A more holistic view
“We need to be collecting that data and looking at trends over time,” said Pavitra Roychoudhury, director of covid-19 sequencing at the University of Washington School of Medicine’s virology lab. Such data helps scientists identify mutations that might prove problematic and track how those mutations play out in different contexts.
“That’s what we’re doing with XBB.1.5, looking to see how its proportion [relative to other lineages] changes over time,” Roychoudhury said.
Such changes are normal. They also highlight how difficult it is to get a clear picture of a dynamic situation. It will take even more time for scientists to determine whether XBB.1.5 causes more severe illness or is more likely to lead to long covid.
There’s no simple way to communicate this complex and dynamic situation, said Roychoudhury, especially with so many variants in the mix. That leaves public health officials with a major challenge. If they raise too many alarm bells, the public may grow numb. If they undersell a threat, they risk missing the chance to act, or at least alert those at higher risk of serious illness, before it’s too late.
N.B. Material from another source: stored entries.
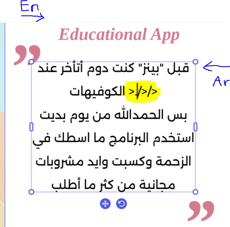 I'm on paid subscription on Adobe Express, and I am loving it. The only problem I am facing is when I have a text in Arabic, it messes up my text oreintation (should be from right to left) since it is Egnlish based. Languages such Arabic, Hebrew, and Farsirequire Right-to-Left (RTL) orientation. Please add this feature and I wouldnt stop recommending this amazing service.
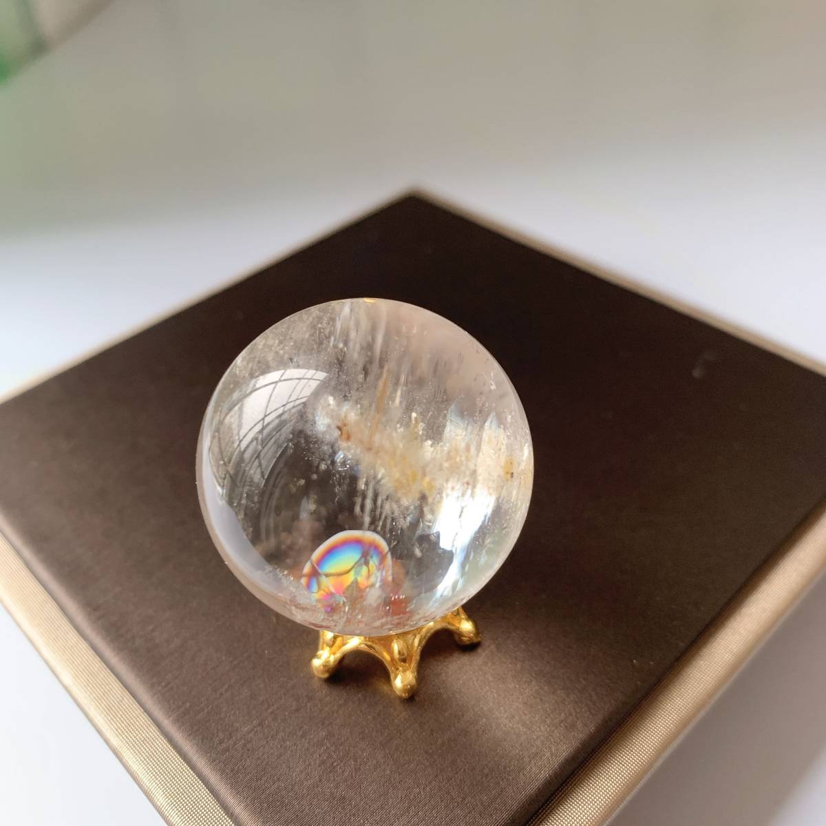 - ◇ガーデンクォーツ(庭園水晶)◇水晶玉◇虹入り◇丸玉◇パワーストーン◇天然石◇置き台付き◇置物◇プレゼントにも 019J5199
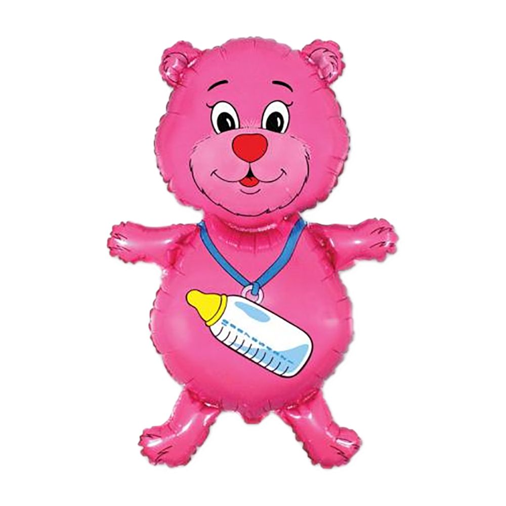 Шар фольгированный с гелием "Медвежонок с бутылочкой" для девочки
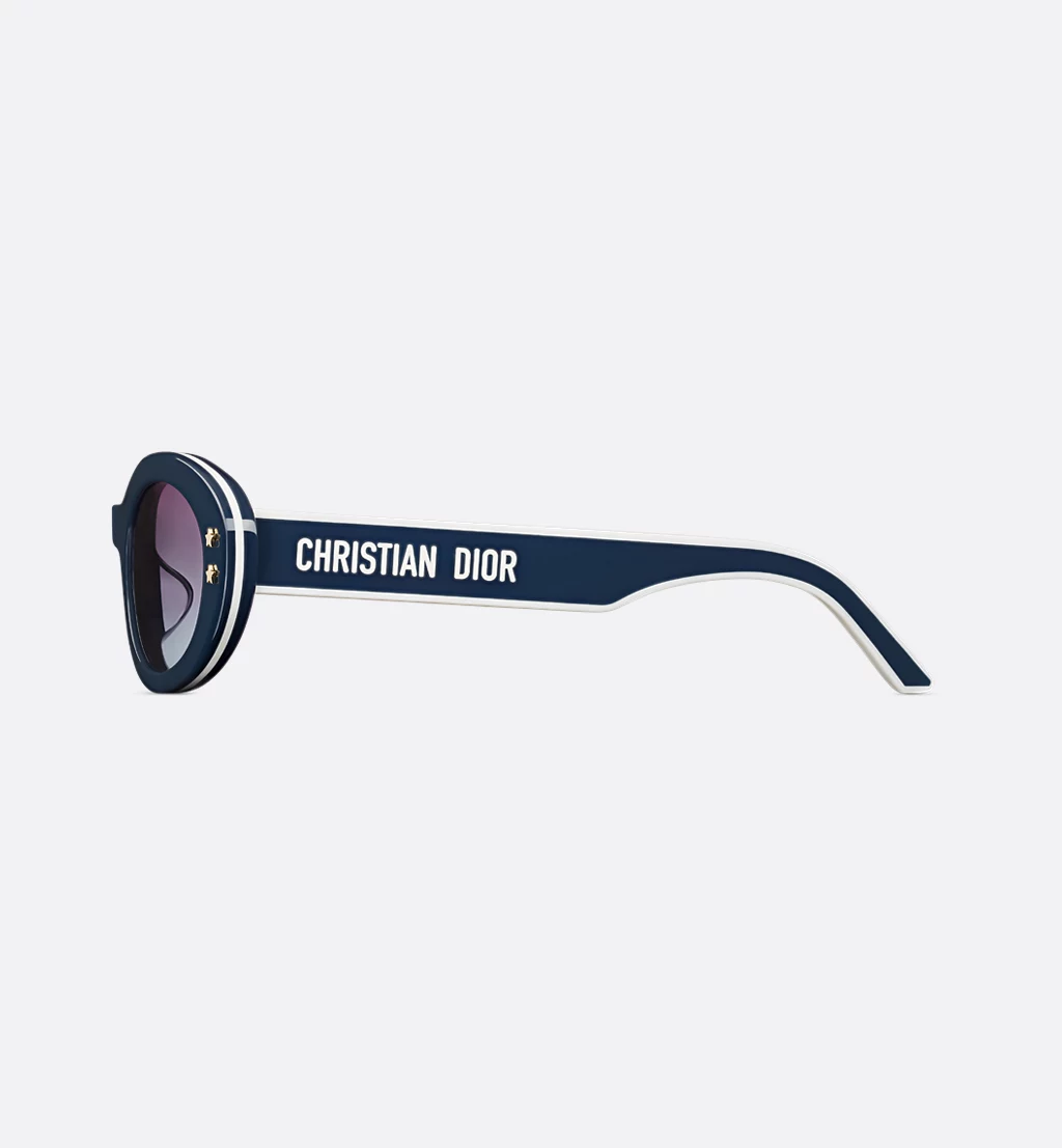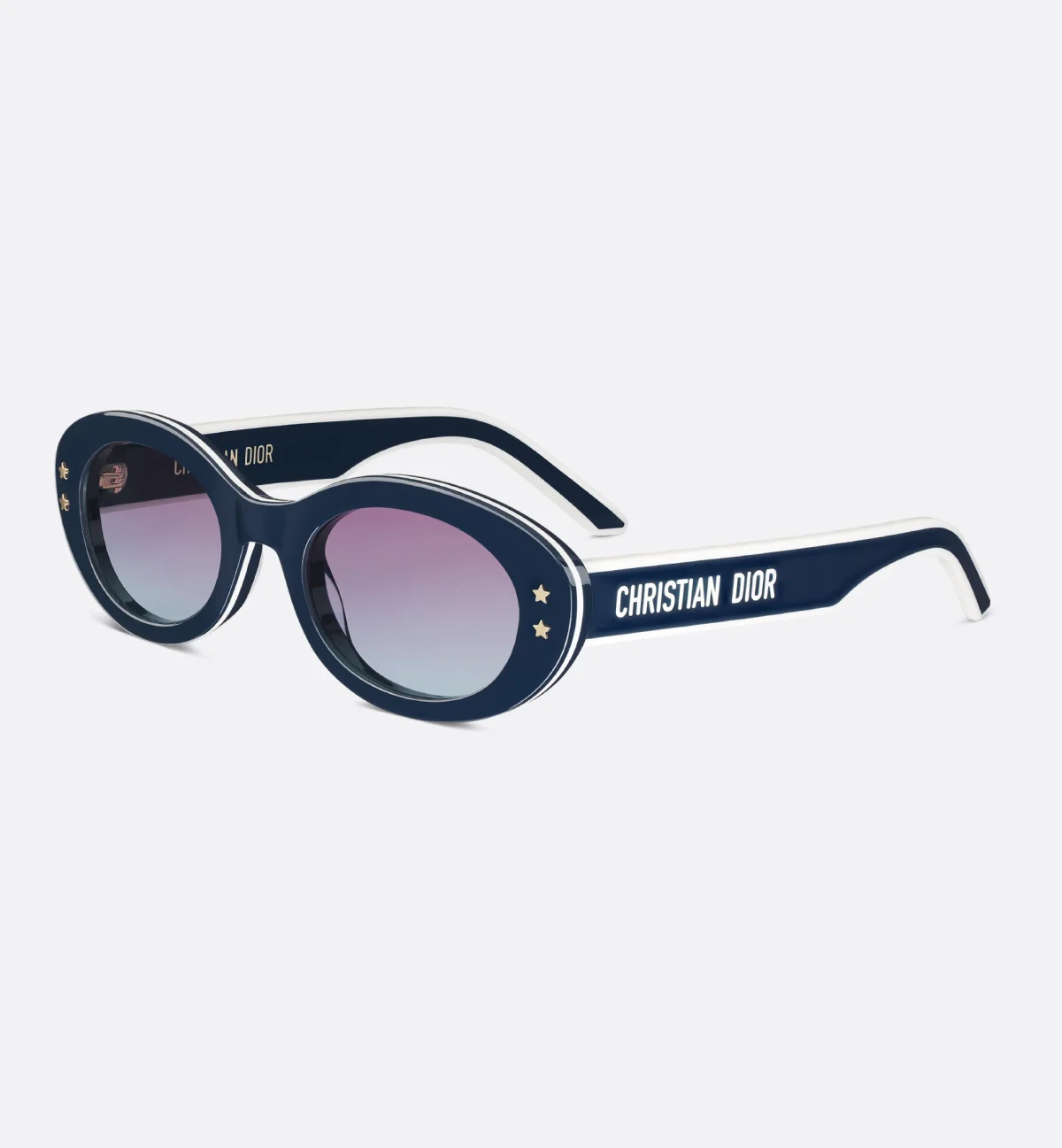 • The DiorPacific B4I sunglasses are a modern low oval design. The blue triple-layer effect acetate frame is adorned with gold-finish star details on the front, while the acetate temples present a blue and white double-layer effect, together with the Christian Dior signature. Completed by gradient purple-to-blue lenses, the new essential style will lend a contemporary touch to any look.

Roychoudhury advocates being explicit about what’s currently known and unknown about a given variant and what officials will continue to monitor.
“We can’t be alarmist,” she said, but officials should be clear when a new variant is outcompeting others while also communicating the context — seasonality, changes in behavior, vaccination rates, overall population immunity — that impacts the spread. “That’s step one; then we’re going to understand how it’s evading existing protection and see what kind of impact it has on hospitalizations and so forth,” she said. That can inform whether additional protective measures are warranted. “Breaking that down is better than panicking at the outset when you see a variant emerge.”
Hyper-focusing on variants can also encourage short-sightedness, a sense that we just have to get through this surge and then we’ll be OK. Time after time that view has been proven wrong.
“Ultimately, if there’s unmitigated transmission, there will be a lot of cases. And if there’s a lot of cases, there will be a lot of evolution,” said Gregory. “That’s just basically it.”